Fourteen days after tumor implantation, sarcoma-bearing mice that received regular diet (sarcoma + vehicle) exhibited an increased number of spontaneous flinches as compared with sham controls (P < 0.0001), a reflection of ongoing cancer pain (Fig. 1A) . These mice also exhibited pain-induced impairment of their limbs as evidenced by a reduction in limb use during normal ambulation (P < 0.001 versus sham; Fig. 1B ) and enhanced guarding of the sarcoma-bearing limb during forced ambulation (P < 0.002 versus sham; Fig. 1C ), both a reflection of ambulatory pain. Sarcoma + vehicle mice also exhibited a greater number of palpation-evoked flinches as compared with shams (P < 0.0001), a measure of palpation-evoked pain (Fig. 1D) . Acute administration of the selective COX-2 inhibitor NS-398 reduced the number of spontaneous and palpation-evoked flinches (P < 0.0001 versus sarcoma + vehicle) and improved limb use score (P < 0.05 versus sarcoma + vehicle). However, guarding during forced ambulation did not improve. Chronic treatment of sarcoma-bearing mice with the selective COX-2 inhibitor MF tricyclic (sarcoma + chronic COX-2 inhibitor) significantly reduced all of the bone cancer pain behaviors examined (P < 0.005 versus sarcoma + vehicle; Fig. 1, A–D ).

View larger version (34K): [in this window] [in a new window] [Download PPT slide]   Fig. 1. Selective COX-2 inhibition attenuates ongoing and movement-evoked bone cancer pain behaviors. The number of spontaneous flinches of the cancerous limb over a 2-min observation period was used as a measure of ongoing pain (A). Parameters of movement-evoked pain include assessment of the sarcoma-bearing limb during normal ambulation in an open field (B) and the extent of guarding of tumor-bearing limb during forced ambulation on a rotarod (C; both are measures of ambulatory pain). Quantification of the number of flinches evoked by normally non-noxious palpation of the sarcoma-bearing limb over a 2-min observation period following palpation (D) was used as a measure of palpation-evoked pain. Whereas acute inhibition of COX-2 reduced some pain behaviors 14 days after sarcoma injection, note that all pain behaviors were significantly reduced with chronic COX-2 inhibition; bars, ± SE. *P < 0.05 versus sham; #P < 0.05 versus sarcoma + vehicle group (one-way ANOVA and Fisher’s PLSD).

View larger version (113K): [in this window] [in a new window] [Download PPT slide]   Fig. 2. Neurochemical changes associated with peripheral and central sensitization are attenuated by chronic inhibition of COX-2. Representative camera lucida tracings of neurons expressing c-Fos protein (A, C, and E) and confocal images of neurons expressing dynorphin (B, D, and F) in representative 60-µm sections of the L3 segment of the spinal cord in sham-injected mice (A and B), sarcoma-bearing mice maintained on regular rodent diet (sarcoma + vehicle; C and D), or diet containing the COX-2 inhibitor MF-tricyclic (sarcoma + MF; E and F).
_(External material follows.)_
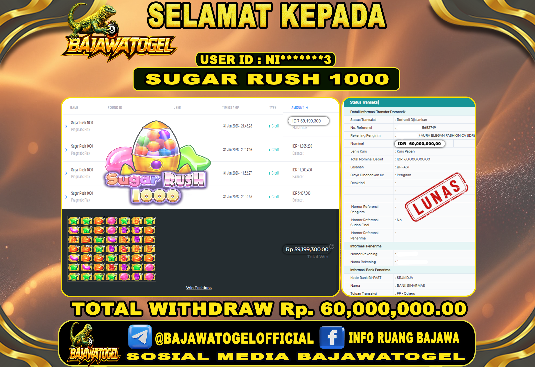 Bukti Jackpot Slot Sugar Rush 1000 Online Minggu, 08 Februari 2026 Rp. 60,000,000 - LUNAS

After normally non-noxious palpation of tumor-bearing limbs, sarcoma + vehicle mice showed increased expression of c-Fos protein in neurons within the superficial and deep laminae (C, dashed lines separate laminae) and expression of the prohyperalgesic peptide dynorphin in neurons within the deep dorsal horn of the spinal cord (D, arrows). In sarcoma animals that received chronic administration of a COX-2 inhibitor, there was a marked reduction of the expression of c-Fos protein and dynorphin (E and F). Spinal cord confocal images were constructed from a collection of six scans obtained from 60-µm thick tissue sections acquired with a x40 lens. Scale bar = 100 µm.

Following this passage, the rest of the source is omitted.